Хотя Рузвельт, как известно, никогда не претендовал на теоретически законченную программу, что для него всегда значило «догматическую», в его предвыборных выступлениях, конечно, имелось очевидное противоречие, которое раздражало не только Гувера, несмотря на указания Рузвельта, что его реформаторские предложения носят лишь экспериментальный характер. В то время как пропагандируемый «Новый курс» должен был привести к более высоким государственным ассигнованиям, Рузвельт одновременно обещал положить конец скромной дефицитной расходной политике Гувера и снова вернуться к сбалансированному бюджету. Это была не предвыборная пропаганда кандидата, который когда-либо обещал своим соотечественникам все самое лучшее в мире, а это было выражение распространенной и разделяемой также Рузвельтом позиции, которая еще не знала научной теории как делать долги, а министра финансов примеряла к модели экономного отца семейства.

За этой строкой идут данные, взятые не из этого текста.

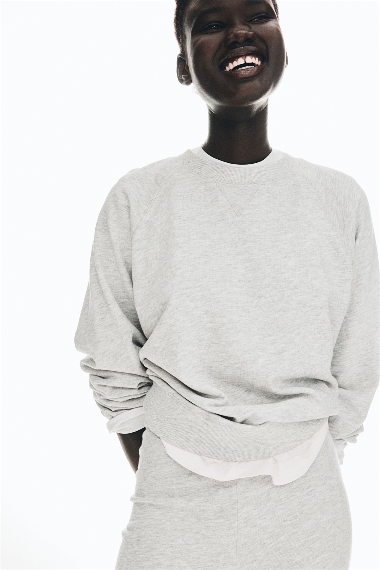 Топ из легкой толстовочной ткани с горловиной, классической V-образной вставкой и длинными рукавами реглан. Окантовка по вырезу горловины, манжетам и подолу.

Из высказываний Рузвельта избиратели, кажется, поняли, что кризис подготовил страну для нового начинания Рузвельта, а доверие к Гуверу, республиканцам, деловому миру и традиционным концепциям разрушил. 8 ноября 1932 года Франклин Делано Рузвельт – 22 809 638 голосами против 15 758 901 – был избран 32-м Президентом Соединенных Штатов Америки, в то время как его партия получила большинство голосов в сенате (59 демократов и 37 республиканцев) и палате представителей (312 демократов и 123 республиканца). Рузвельт достиг своей цели. «Это самая великая ночь в моей жизни», – признался он, когда его обняла мать. Только Элеонор оставалась в общей суматохе и энтузиазме в связи с победой заметно сдержанной, ее волновало смешанное чувство. Как позже призналась, она ясно увидела, что победа ее мужа означала конец ее личной жизни. Она внимательно наблюдала за женой Теодора Рузвельта и знала, что значит быть женой президента.